While studying ethnomusicology at the School of Oriental and African Studies, Mulvey met the other members of Portico Quartet. The band consisted of Cambridge school friend Duncan Bellamy (drums), Jack Wyllie (soprano and tenor saxophone), and Milo Fitzpatrick (double bass). Their debut album Knee-deep in the North Sea, was nominated for the 2008 Mercury Prize alongside Radiohead, Elbow, and Adele. The album's title was mentioned in the closing words to Alt-J's song Dissolve Me. Portico Quartet released their second album Isla on 9 October 2009 through Real World Records.

Solo career
Mulvey left Portico Quartet in 2011 to focus on a solo career as a singer-songwriter. Some critics noted his change in style, Mulvey states that his style of music stays consistent. "I'm always drawn to the same principles in music.
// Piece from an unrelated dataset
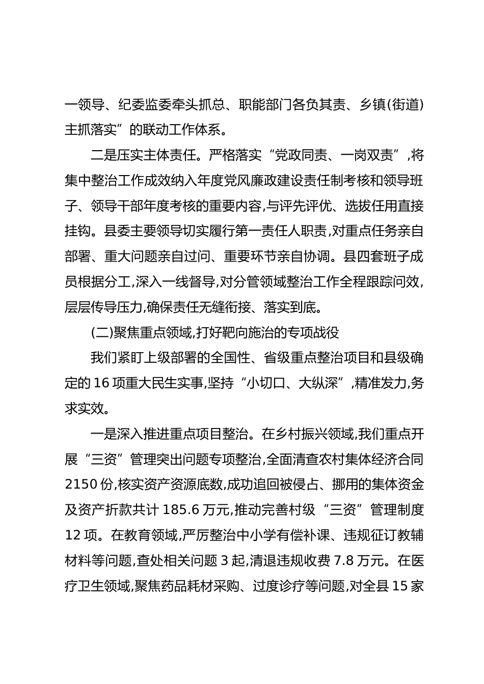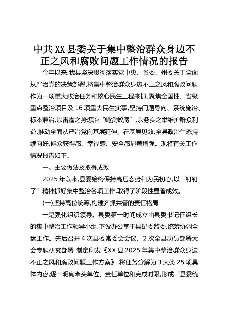 中共XX縣委關(guān)于集中整治群眾身邊不正之風(fēng)和腐敗問題工作情況的報告今年以來,我縣堅決貫徹落實黨中央、省委、州委關(guān)于全面從嚴(yán)治黨的決策部署,將集中整治群眾身邊不正之風(fēng)和腐敗問題作為一項重大政治任務(wù)和核心民生工程來抓,聚焦全國性、省級重點整治項目及16項重大民生實事,堅持問題導(dǎo)向、系統(tǒng)施治、標(biāo)本兼治,以雷霆之勢懲治“蠅貪蟻腐”,以務(wù)實之舉維護(hù)群眾利益,推動全面從嚴(yán)治黨向基層延伸、在基層見效,全縣政治生態(tài)持續(xù)向好,群眾獲得感、幸福感、安全感顯著增強?,F(xiàn)將有關(guān)工作情況報告如下。一、主要做法及取得成效2025年以來,縣委始終保持高壓態(tài)勢和為民初心,以“釘...

Beneath each genre, at a certain level, they hold the same principles".

As a solo artist, Mulvey released his first EP The Trellis in November 2012, and his second, Fever to the Form in July 2013. On his autumn 2013 tour with Laura Marling, he performed in symphony halls across the UK, naming Marling as a great influence to his solo music.

In 2014, Mulvey played Wonderfruit in Thailand.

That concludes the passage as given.